• Aim of the task:
Starting at the first line of the data, please print exactly those lines through the one that holds "ハウスステップRタイプの箱型", omitting every picture.

[Records excerpted from a collection]
——————————

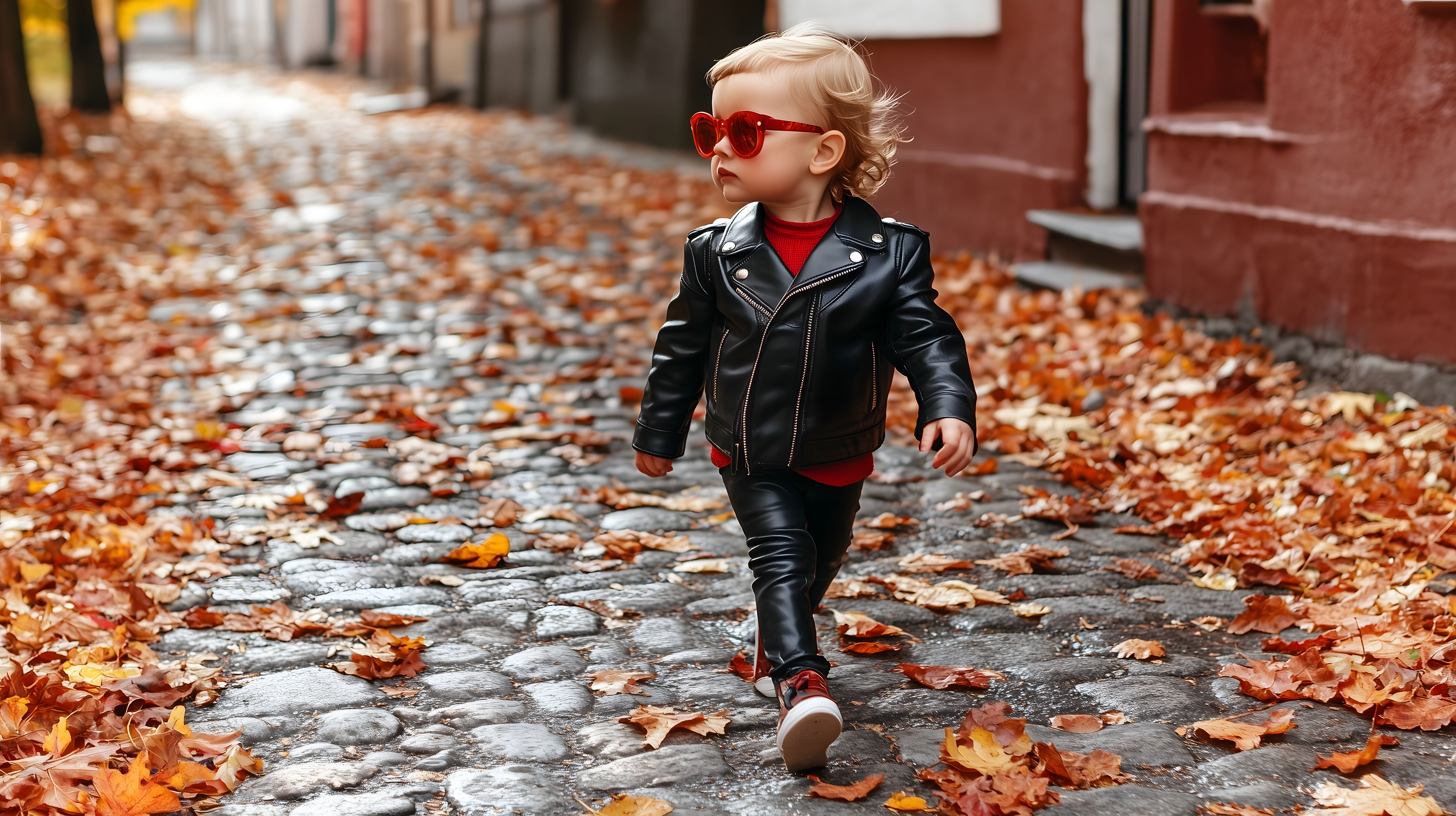 Dieses faszinierende Foto zeigt ein kleines blondes Mädchen, das in einer bunten Herbstlandschaft spaziert. Das Kind trägt eine schwarze Lederjacke und rote Sonnenbrille, was seinem Aussehen einen coolen, modernen Touch verleiht. Der Kontrast zwischen dem Grau des Kopfsteinpflasters, den orangefarbenen Laubblättern am Boden und den rötlichen Fassaden im Hintergrund sorgt für eine stimmungsvolle, herbstliche Atmosphäre. Das Bild strahlt Lebensfreude und Entdeckerlust aus und lässt Fantasien über mögliche Abenteuer des Mädchens entstehen. Als kostenloses Stockfoto in hoher Auflösung und unter einer Creative-Commons-Lizenz eignet es sich hervorragend für den Einsatz in Blogs, Newslettern, Social-Media-Beiträgen oder Werbekampagnen rund um Kindheit, Mode, Lifestyle und Herbststimmung.
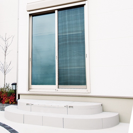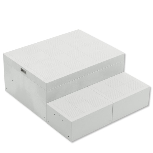 ハウスステップRタイプの箱型。ライトグレー色。※収納庫と、取手は付属していません。※収納庫と取手はオプションで別途購入することが可能です。
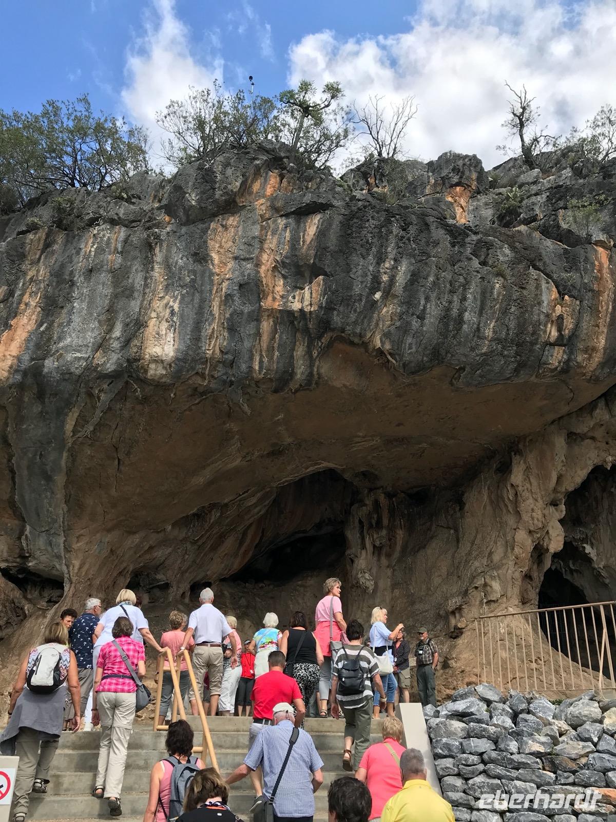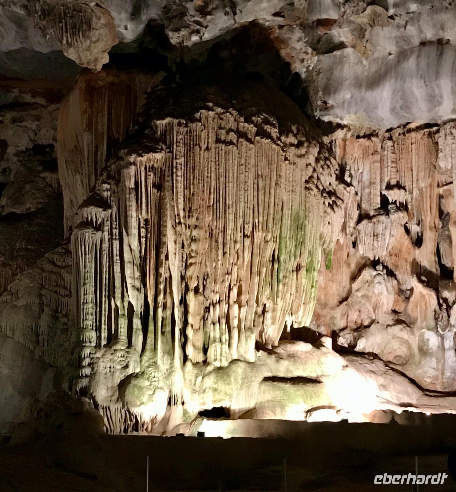 Wir verlassen diesen schönen Ort und begeben uns auf Besichtigungstour in die nähere Umgebung. Zunächst fahren wir hinein in die Swartberge. Hier befindet sich ein unterirdisches Netzwerk aus Räumen und Gängen in den felsigen Bergen. Wir besichtigen die Cango Caves, entdeckt 1780, die zu den größten Tropfsteinhöhlen der Welt gehören. Es wird vermutet, dass der Platz bereits vor 80.000 Jahren besiedelt war. Die Felsformationen im Inneren, bestehend aus Stalaktiten und Stalagmiten, formen sich zu wunderschönen Bildern. Unsere Führerin gewährt uns ein besonderes Highlight. In einem der Hallenräume lässt sie das Ave-Maria erklingen. Welch eine Stimme, welch ein ergreifender Gesang, welch eine beeindruckende Umgebung. Es ist, als ob man einen kurzen Moment in Ehrfurcht erstarren würde...
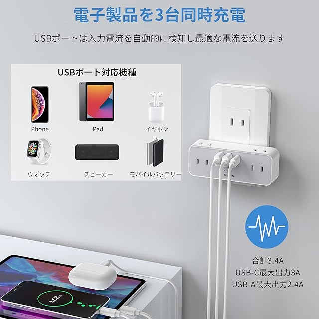 【コンセント usb】各USBポート合計3.4A出力。type-aポート単独で使用する場合、最大出力2.4A。type-cポート単独で使用する場合、最大出力3A。USBポートには接続機器の端末を自動で判別し、スマホとカメラなど、それぞれの機器に合わせた最適な出力で充電します。
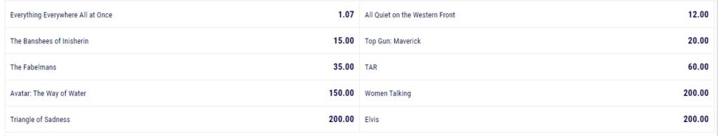 El gran favorito con una cuota de solo 1.07 es Everything Everywhere All at Once. Su primer competidor con una cuota de 12.00 es All Quiet on the Western Front. También hay otros grandes éxitos que puedes ver en la imagen, pero que no tienen muchas posibilidades en comparación con el favorito principal.

——————————

• Output of the exercise:
 Dieses faszinierende Foto zeigt ein kleines blondes Mädchen, das in einer bunten Herbstlandschaft spaziert. Das Kind trägt eine schwarze Lederjacke und rote Sonnenbrille, was seinem Aussehen einen coolen, modernen Touch verleiht. Der Kontrast zwischen dem Grau des Kopfsteinpflasters, den orangefarbenen Laubblättern am Boden und den rötlichen Fassaden im Hintergrund sorgt für eine stimmungsvolle, herbstliche Atmosphäre. Das Bild strahlt Lebensfreude und Entdeckerlust aus und lässt Fantasien über mögliche Abenteuer des Mädchens entstehen. Als kostenloses Stockfoto in hoher Auflösung und unter einer Creative-Commons-Lizenz eignet es sich hervorragend für den Einsatz in Blogs, Newslettern, Social-Media-Beiträgen oder Werbekampagnen rund um Kindheit, Mode, Lifestyle und Herbststimmung.
 ハウスステップRタイプの箱型。ライトグレー色。※収納庫と、取手は付属していません。※収納庫と取手はオプションで別途購入することが可能です。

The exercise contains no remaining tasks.